Luke: „Was werde ich dort finden?“ – Yoda: „Nur, was Du mit Dir nimmst…“
Luke: „Was werde ich dort finden?“ – Yoda: „Nur, was Du mit Dir nimmst…“
Auf ihrem Blog 28years.de schreibt Psychologin Alina über (erwachsene) Kinder suchtkranker Eltern. Für Charakterneurosen nimmt sie die Gallaghers aus der Kultserie Shameless unter die Lupe.
Die US-amerikanische Fernsehserie Shameless zeigt auf eindringliche Weise die zerstörerischen Auswirkungen von Frank Gallaghers Alkoholabhängigkeit. Diese betrifft nicht nur ihn selbst, sondern prägt auch das Leben seiner gesamten Familie.
Jedes Geschwisterkind entwickelt spezifische Bewältigungsstrategien. Einige davon spiegeln typische Verhaltensweisen wider, die oftmals in der Literatur und Forschung über Kinder aus alkoholkranken Familien beschrieben werden.
Fiona Gallagher ist die älteste Tochter des Gallagher-Clans. Als ihre Mutter Monica die Familie verlässt, als Fiona 16 Jahre alt ist, sieht sie sich gezwungen, die Hauptverantwortung für ihr Zuhause zu übernehmen.
Sie kümmert sich um ihre fünf jüngeren Geschwister und versucht, den durch Franks Alkoholabhängigkeit verursachten Zusammenbruch der Familie abzufedern.
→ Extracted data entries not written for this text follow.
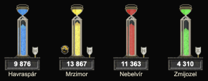 Žlutá síla se ovšem nedá zapřít, a tak bodovací hodiny jasně ukazovaly převahu Mrzimoru, který překročil hranici 13 tisíc bodů. Nebelvír má ovšem jen o zhruba 2 500 bodů méně, což je rozdíl, který se dá pohodlně dohnat. Šanci má určitě stále i Havraspár, který na vedoucí jezevce ztrácí necelé 4 000 bodů.
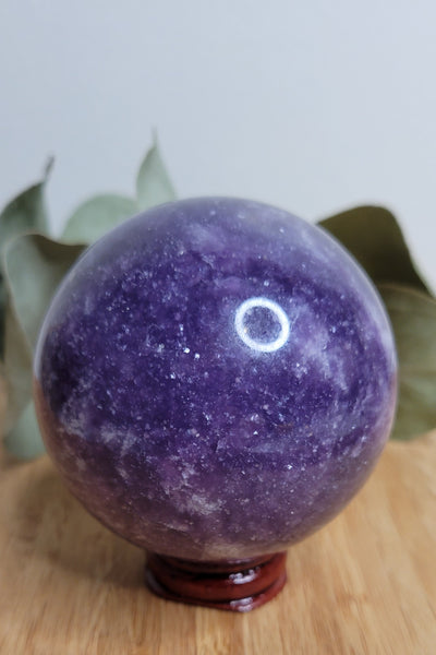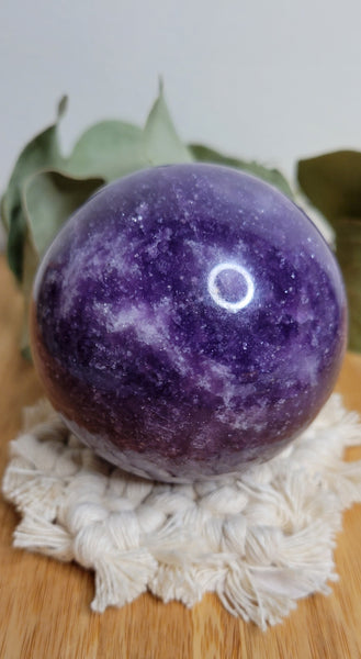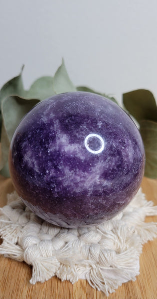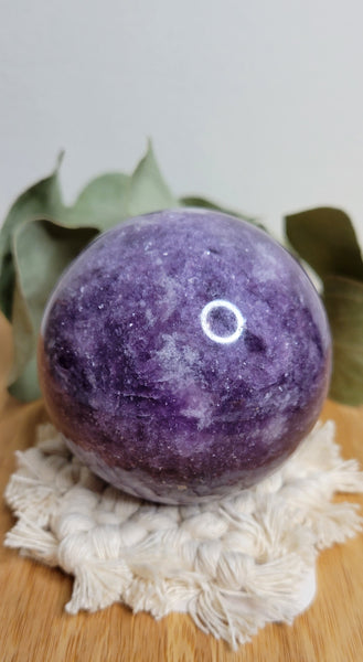 3 inch diameter. 405 grams. Macrame sphere holder sold separately. Sphere comes with small wooden stand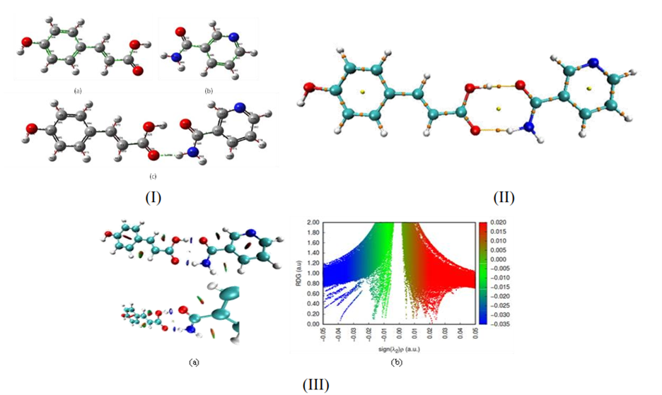 Gambar : (I) Hasil optimasi geometri menggunakan perhitungan DFT/B3LPY: (a) asam p-kumarat, (b) nikotinamida dan (c) kokristal asam p- kumarat-nikotinamida. (II) AIM grafik molekul kokristal asam p-kumarat nikotinamida. Tanda oranye kecil adalah BCP. (III) NCI analisis hasil dari kokristal asam p-kumarat- nikotinamiae: (a) Peta isosurface, (b) plot sebar RDG (biru = ikatan hidrogen; hijau = ikatan van der Walls ; merah = efek sterik).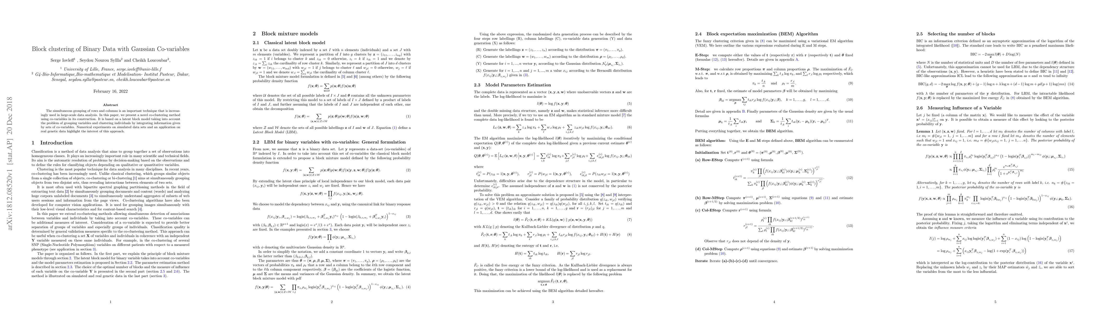 This paper introduces a novel co-clustering method for binary data using Gaussian co-variables, based on a latent block model that groups both rows and columns while integrating co-variable information. Experiments on simulated and real genetic data demonstrate the effectiveness of this approach.

Fiona wird zur Ersatzmutter, Versorgerin und zentralen Stütze ihrer Geschwister – eine Rolle, die sie mit bemerkenswerter Entschlossenheit ausfüllt, auch wenn dies bedeutet, ihre eigenen Bedürfnisse und Träume zu opfern.
Ihre Geschwister, und sogar Frank selbst, wenden sich immer wieder an Fiona, wenn sie in Schwierigkeiten stecken. Um die finanziellen Lücken zu schließen, die Franks Untätigkeit und Verantwortungslosigkeit hinterlassen, nimmt Fiona die verschiedensten, oft erniedrigenden Jobs an. Sie übernimmt nicht nur die Haushaltsführung, sondern wird auch zur moralischen und emotionalen Stütze ihrer Familie.
Fionas Rolle innerhalb der Gallagher-Familie entspricht genau dem, was in der Literatur über suchtbelastete Familien als die Rolle des „Familienhelden“ oder der „Verantwortungsbewussten“ beschrieben wird (Wegscheider, 1988; Black, 1988). Der Familienheld übernimmt in dysfunktionalen Familien häufig die Aufgaben und Pflichten, die eigentlich den Eltern zukommen, und versucht, das Leben der Familie so stabil wie möglich zu halten.
Die Tatsache, dass diese Rolle oft dem ältesten Kind zufällt, liegt vor allem daran, dass es aufgrund seines Alters am ehesten der Herausforderung gewachsen ist. Häufig sind sie zudem weiblich, da Frauen und Mädchen durch ihre Sozialisierung stärker auf Care-Arbeit und Verantwortungsübernahme geprägt werden.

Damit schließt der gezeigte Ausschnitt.